I suppose I should branch out...I'll try these suggestions for sure...nothing is better on a chilly NFL sunday then something out of the crock-pot for the 4:00 game!

jag :chk


----------



## dschoemaker (Nov 7, 2007)

Here is a quicky:

Medium Size Beef Roast (4 to 6lbs)
Jar of Perprocnini (sp?) Peppers
Packet of Italian Dressing Mix
Water to Cover

Let it slow cook for 10 hours or so. Pull it apart and eat on Italian rolls.

Good Stuff

Dave


----------



## Beagle Boy (Jul 26, 2006)

replicant_argent said:


> ... you have some good eats.


No tater tots, and no Cream of something soup? Cut 1 corner off your Minnesotan card, and send tator tot hotdish to 5 people (now that would be a bomb )


----------



## JMAC (Oct 24, 2006)

Here's one I love when it gets cold. From the bottom of the cooker up:

Russett potatoes chunked up
Fresh baby carrots
Frozen peas, beans, corn - whatever you like
Beef for stew
Can of diced tomatoes

Season with salt, fresh ground pepper, cayenne, whatever you like. I like to add Tabasco to mine at the table. Great with crusty bread and a few brews.

Cook on low all day. :dr


----------



## galaga (Sep 18, 2003)

replicant_argent said:


> Just made this last night and having leftovers tonight. Fits chilly fall weather perfectly, and is easy enough to prepare in about 6 minutes.
> 
> Preheat your slow cooker pot with hot water, turn the power on the unit to preheat while you prep the following.
> Slice up 2 or 3 apples, about 1/4 inch slices, (I used Honeycrisp, but any good tart apple will work well. I guess the size doesn't matter all that much as long as they aren't huge chunks)
> ...


Mod #1: Drain the kraut and half the wine, no apple, then sausage the add a lg can of baked beans, B&M works well.

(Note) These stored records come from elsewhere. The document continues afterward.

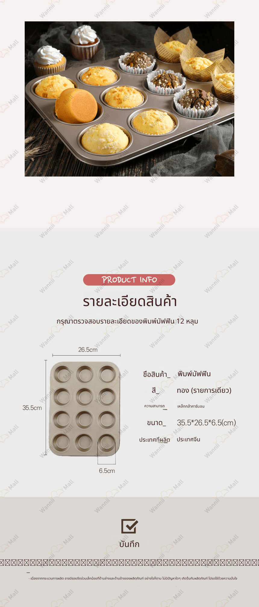 - โฮม > ของใช้ส่วนตัว > เครื่องครัว > อุปกรณ์ทำอาหาร/ทำเบเกอรี่ > แม่พิมพ์คัพเค้ก 12 ช่องสำหรับทำเบเกอรี
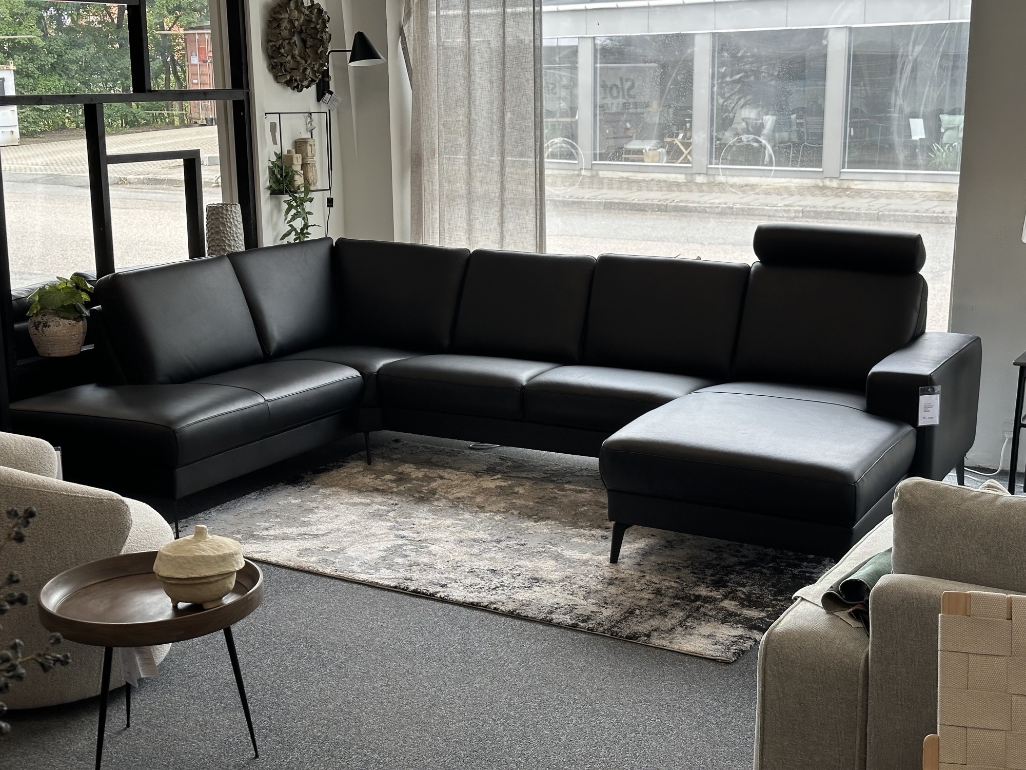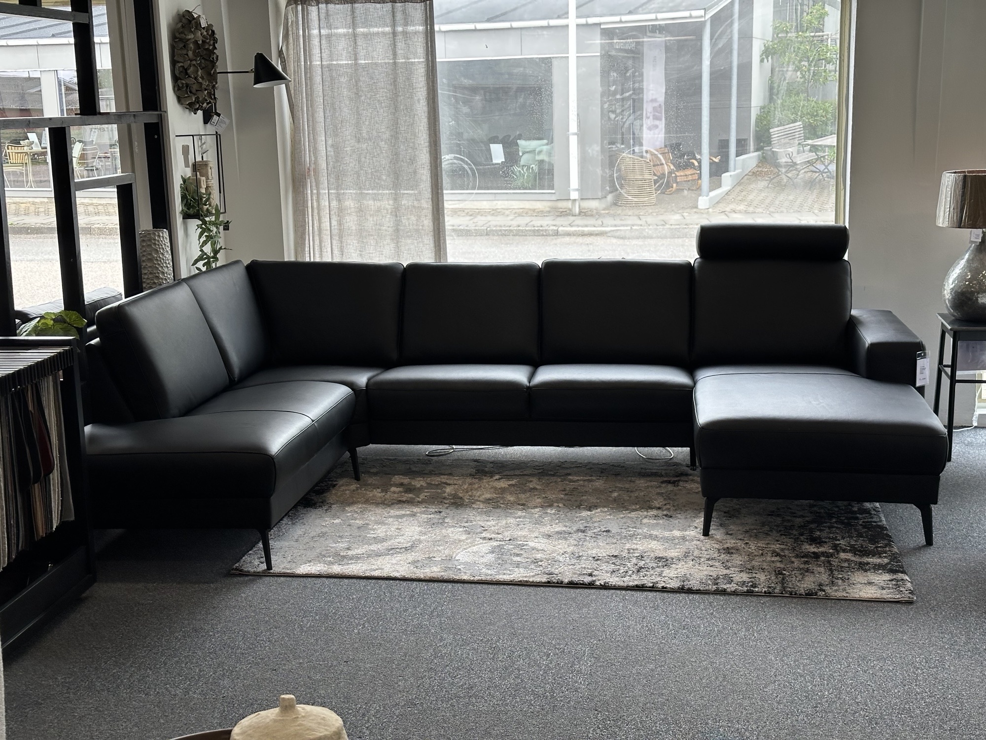 Choice 2642 er en moderne U-sofa med chaiselong og open end, der kombinerer komfort og funktionalitet i et elegant formsprog. Sofaen er betrukket med kraftigt sort Soleda/spaltlæder og har et indbydende udtryk, der passer ind i mange hjem.
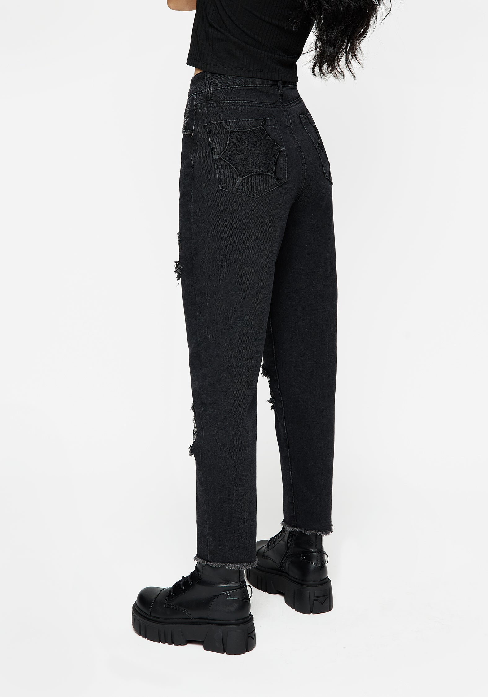 - Cut-outs with ripped effect on legs & back pockets lined out with cobweb lace to fill the space

Mod #2: Follow as per rep'arg' above and instead of suasage add pork hocks, 4 -6 should work. In the last hour add some Bisquick batter for dumplings (the recipe is on the box) or use a ready made can of bisquits added to the top. Kraut, hocks and dumplings.


----------



## jagmqt (Feb 22, 2007)

Anybody ever make chili in a slow cooker?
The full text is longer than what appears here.